In a very related story, The Next Platform sketches out how complex language models could end up costing $1bn+ in the next five years. That is the cost of building the model, not a marginal cost from running it, but it's striking. (One estimate put the cost of training GPT-3 at $4.6m.) If language models can be human-like, but only at huge-company scale, they'll be another avenue for the largest tech companies to achieve returns from scale. And the companies that can afford that kind of investment are also companies with potential access to a larger corpus of up-to-the-second training data. Bloomberg has been using automated fill-in-the-blank headlines and copy for decades; perhaps in a few years, you'll be able to have a natural-language chat about a 400-page SEC filing, starting half a second after it drops.

Chip Shortage Updates

I've argued before that the world is moving to having two separate chip supply chains, although China has a great deal of catching up to do there. It's possible that two is an underestimate, and that the next big shortage will be in semiconductor equipment instead. (It's also interesting that, before Covid was widespread outside of China, there was a brief flurry of discussion about supply chain durability, which I participated in. That got set aside once the pandemic was a global problem, but it's something to focus on. A common pattern for technology is that as it advances, the number of use cases goes up, but the number of competent manufacturers goes down, as the minimum skill and capital waterline rises. This gives many assets the same trait oil has, where it turns local problems into global ones once supplies look like they're at risk.)

Decarbonization

Supermicro, Redux

In October 2018, Bloomberg published an investigation of Supermicro, alleging that the company embedded additional chips in its products that sent information to China. Amazon and Apple, both cited as victims, denied the report, but Bloomberg did not retract it. They're back with another report claiming even more extensive infiltration. This one takes pains to explain why some of the participants might have denied it:

Without a fix on China’s ultimate purpose, U.S. leaders decided in 2013 to keep the discovery secret and let the attack run, according to three officials who were informed of the plan. , then-director of the National Security Agency, played a central role in the decision, the officials said. The Pentagon devised undetectable countermeasures to protect its networks, two of them said.
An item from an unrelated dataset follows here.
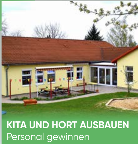
KITA UND HORT AUSBAUEN Personal gewinnen

One thing this story illustrates is that "trusting experts" is not a complete solution, because a) you need expertise to evaluate experts, unless you catch them lying, and b) even if you do catch them lying, in matters of national security they might be required to lie. So the story remains ambiguous; Bloomberg is once again staking its reputation on these claims being true, and given how many people they've spoken to, it's hard to imagine the story being entirely fabricated. On the other hand, they're still getting on-the-record denials from Supermicro, the NSA, and others. The preponderance of evidence suggests that Bloomberg is reporting on an investigation that was in progress until approximately the moment they published the story.

The Value of Safety: A Natural Experiment

Tyler Cowen points out that Delta's empty-middle-seat policy is a way to measure how much people care about Covid-19 safety, and indicates that—at least among people willing to fly—money and convenience trump disease risk. These people might be wrong, of course, but it's a good benchmark for the tradeoffs involved in pandemic prevention measures.


  1. Back when Warren Buffett was making wry jokes about shooting down the Wright Brothers at Kitty Hawk, legacy carriers bore the brunt of this competition. But now, the legacy carrier business is a more complex one involving well-designed networks and loyalty programs worth over 100% of the value of the entire airline. They still deal with low-cost carriers—"Basic Economy" was a response to people who sort by price when shopping for flights—but their core economics are different now.